While Price was busy spearheading research and technical development, there was a gaping hole in Earnest Earth’s operations and communications. Knowing this, Price began seeking a co-founder who could counterbalance his minutia mindset and scientific excellence. Dazzling co-founder Eddy Mejia did just that. If Price is considered the brains of the operation, Mejia “brings the energy and zest to Earnest.” He is a hustler, master communicator, and miraculously “knows a guy” to fulfill any other operational needs of the company. Their yin and yang dynamic has made Earnest Earth, in the words of Price himself, a “groovy” and outstanding venture.
Over the years, the original waste management arm of the company has prospered, and fortunately Price and Mejia no longer needed to stand ankle-deep in manure. In fact, the Earnest team receives hundreds of tons of manure annually, which has enabled them to focus on expanding the company to new heights. To respond to their exponential growth, they conceived Earnest Earth’s division of microbial research. In this facet, they work to identify microbes, or soil bacteria, beneficial for seed coatings on corn and soybean crops. While this active area of research has existed on the back end for several years and closely mirrored Price’s PhD, their two recently-acquired 25,000 square-foot warehouses have enabled them to hone in on experimentation.

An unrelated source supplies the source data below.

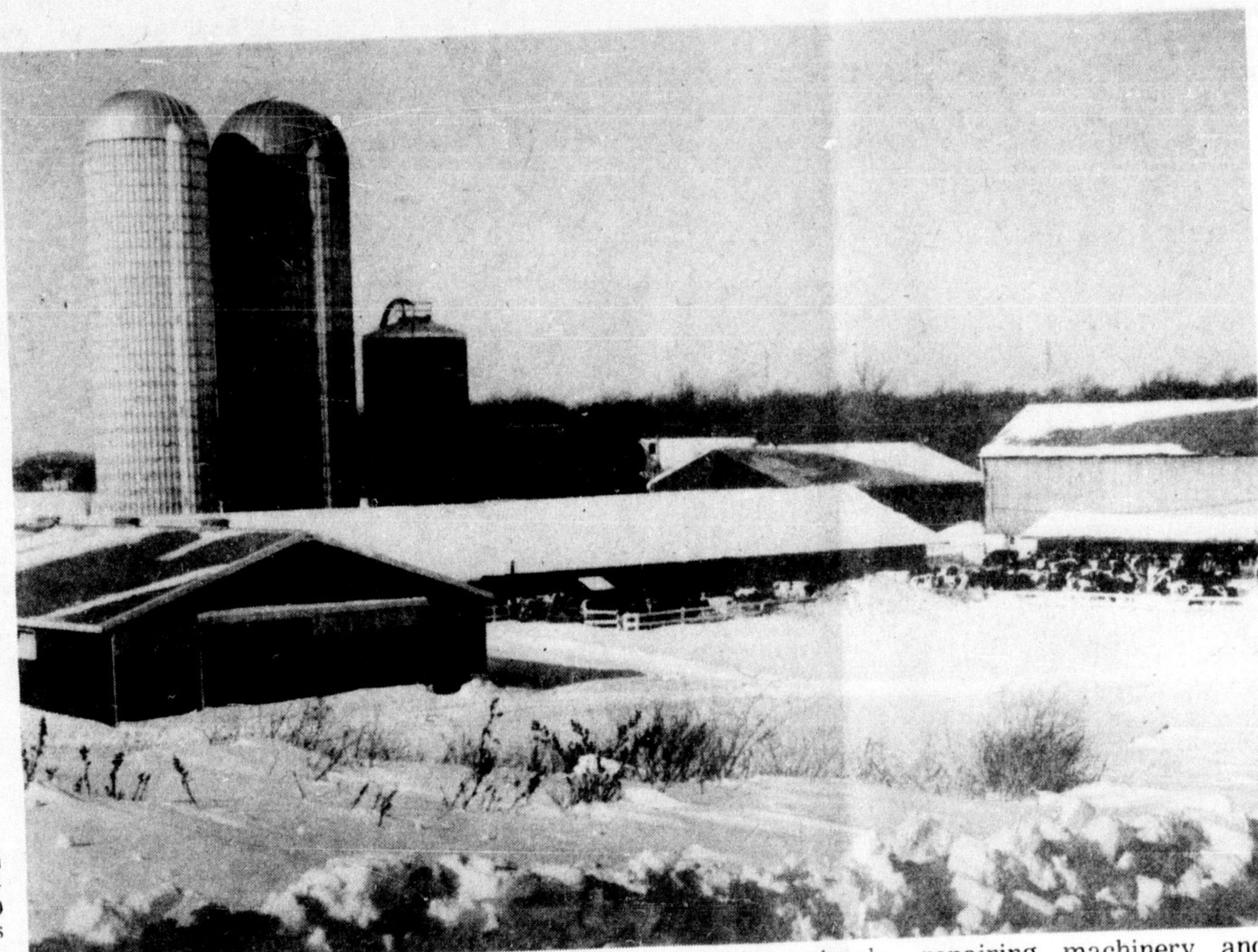
THE CHORES CONTINUE. Ontario farmers continue their farm chores, even in winter when the fields are covered in snow and the earth takes its annual rest. Inside, farmers are busy feeding animals, repairing machinery and making plans for spring planting.

Exhibits at this year's show will be open from 10 a.m. to 6 p.m. daily. Tractor and horse pulling events start at 6 p.m.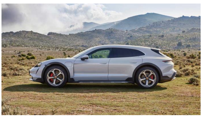
Porsche Taycan Cross Turismo.

Created and written by: Bryce Gaton Contact: Bryce@EVChoice.com.au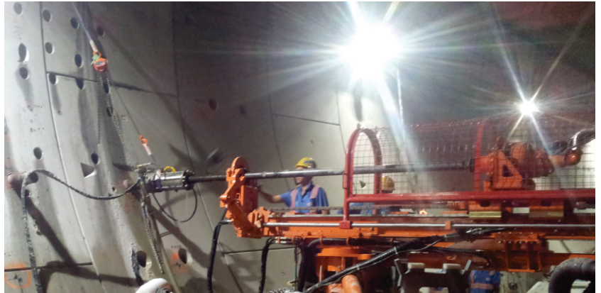
Sigra managed pressure drilling equipment installed for cross tunnel drilling and consolidation grouting. Lantang Tunnel, Hong Kong

Sigra has manufactured managed pressure drilling equipment since 1994 when it developed a system to drill into gassy coals and rock in coal mines. This was capable of operating at 7 MPa pressure. The key to the successful operation of this equipment was its elastomeric choke that permitted the passage of cuttings and fluid through it while maintaining a constant pressure within the borehole.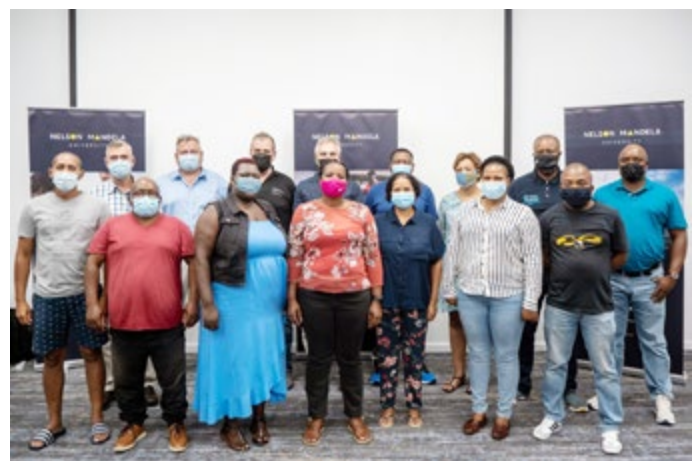
IUU PSMA Training 1–5 March 2021.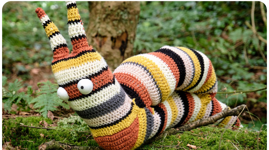
A knitted snail was just one of the crafted creatures taking over Pomeroy woods.

The clever crafters at Rural Action have also created knitting patterns for anyone to use – so fans can continue Wonderful Wildlife at home.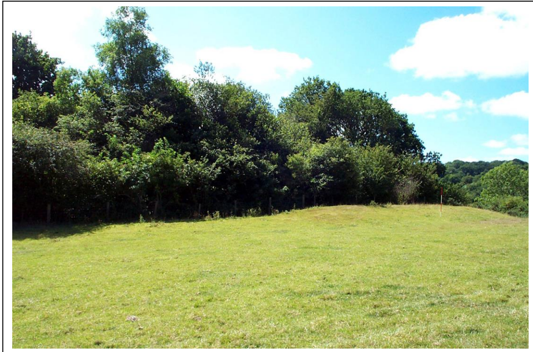
Figure 1. Counterscarp on NW seen from NE (Cadw 2006)

Customer Reference Number (CRN): A0028489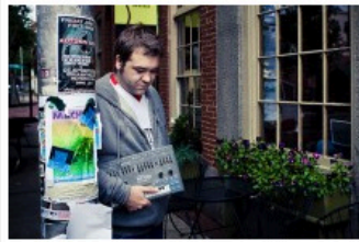
Radio Scotvoid.

What do you envision when you think of electronic music?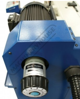
Variable Blade Speed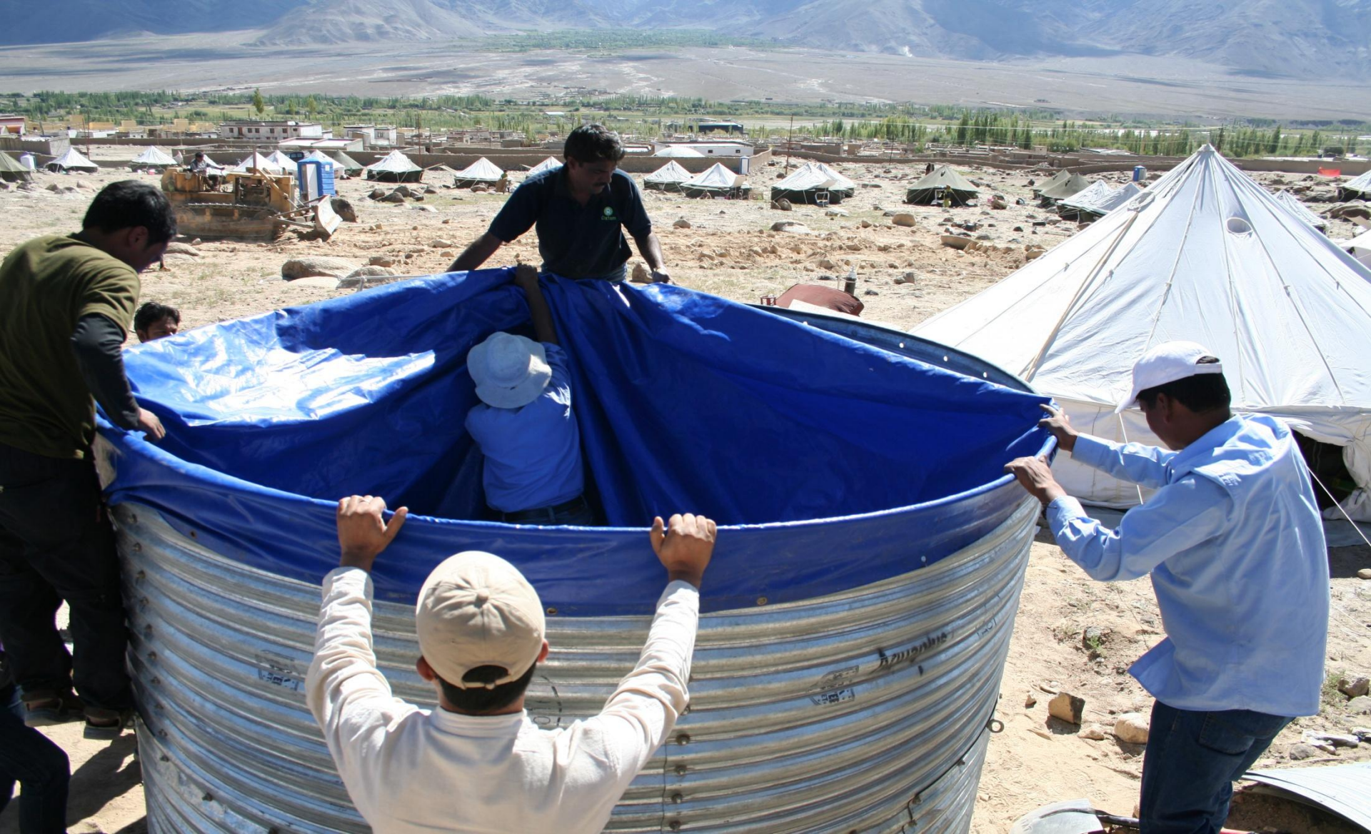
T -11 being erected in Solar camp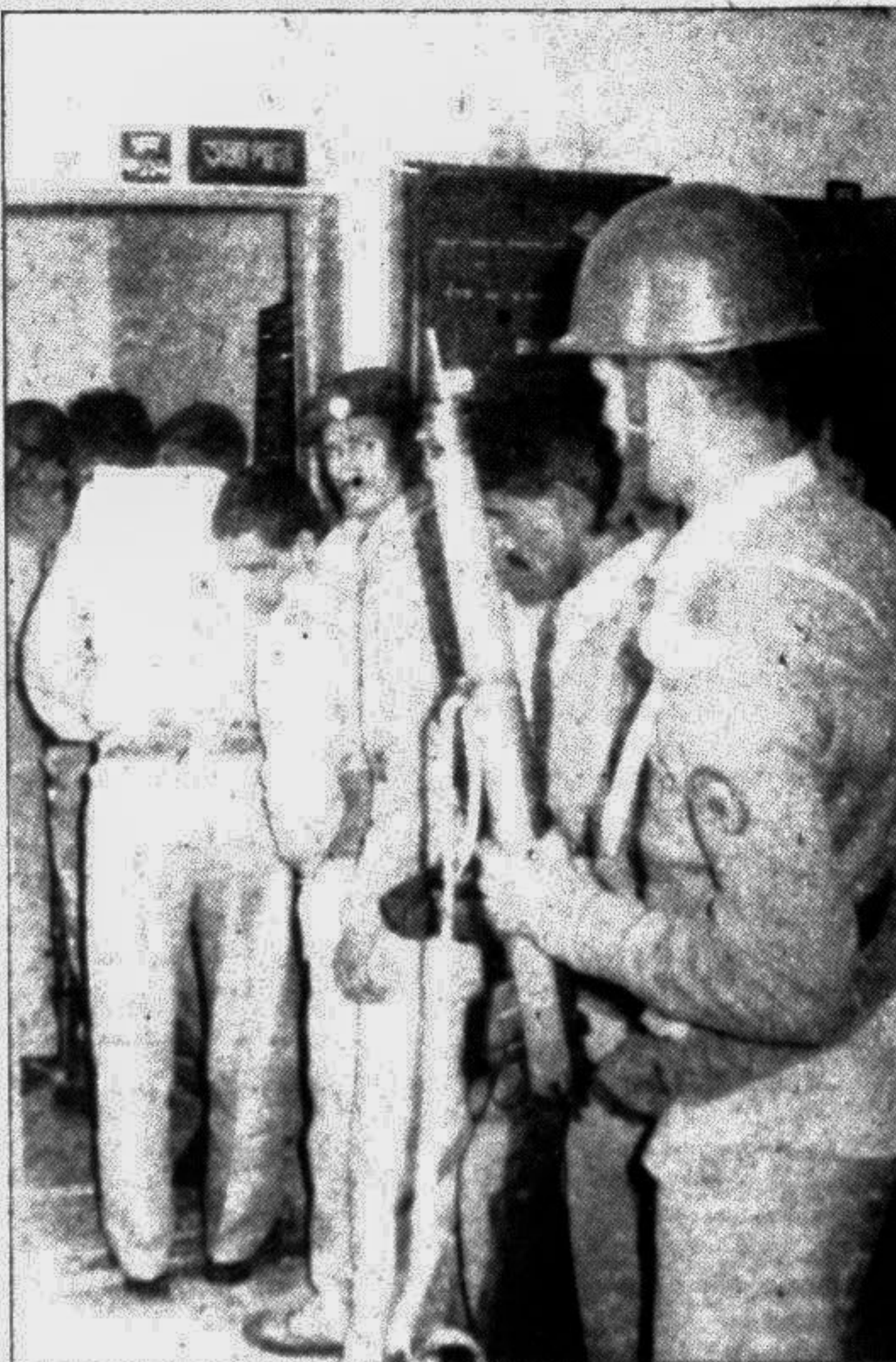
Members of the Battalion Ansars depositing their arms at the Ansars headquarters at Khilgaon in the city yesterday.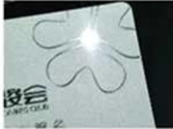
Silver Hot Stamping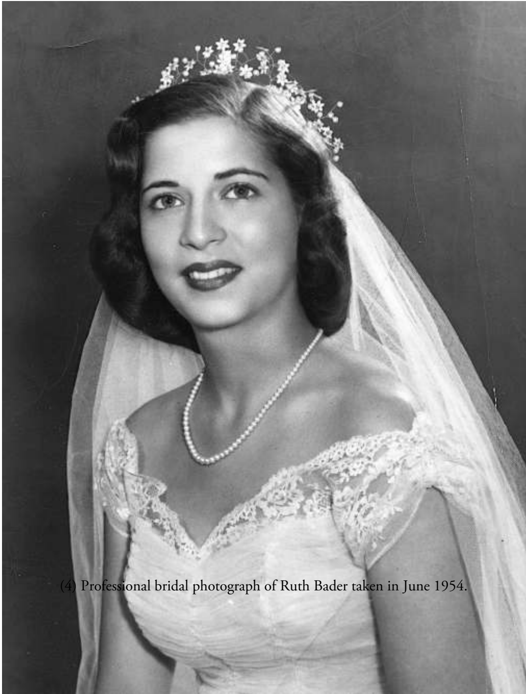
(4) Professional bridal photograph of Ruth Bader taken in June 1954.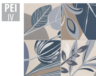
HBA003 33,15x33,15 cm Thickness 7.5 Package contains 1.32 m 2 , 12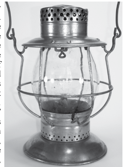
Unmarked Dietz No.39 with PRR globe, used on the Pig Tail Line.

I had to dig out my box of Pennsylvania RR memorabilia just to double check, but sure enough, the derailment pictured in the photo was the same one that had been the subject of the discipline letter. It had taken 25 years, but I was able to put three different pieces of history together. Although my "collection" isn't quite as exciting as a set of bellbottoms with different colored globes, it was almost as enjoyable to assemble it. To me, collecting has always been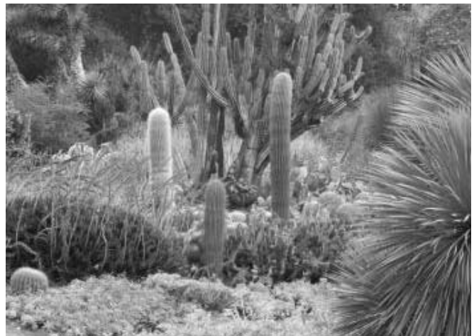
Sonora Desert plants in the Huntington Garden, photo by Gayle Bradbeer.

The guides took us through the North American section and greenhouse of the desert or succulent garden where we were treated to views of some plants over a hundred years old and a large number of cacti in bloom. The tour also included the water lilies, bamboo, and some of the palms.

Parallel to the blossoming of his agricultural waste company, which has graduated from the “old barns and machine sheds” they once occupied, Price was simultaneously fundamental to the growth of iVenture. After the end of iV5, he was hired as an intern to support the program and was deemed such a valuable player that he was offered a full-time position two years later. To that end, it’s fair to say that iVenture would not exist today without him.
From PhD student to chief science officer, venture fellow to program coordinator, and microbial ecologist to startup genius, the Illinois entrepreneurship ecosystem is incredibly fortunate to have had Gabriel Price a part of it. In the words of Manu Edakara, iVenture program coordinator, he has undoubtedly “earned his place in the iVenture Hall of Fame.”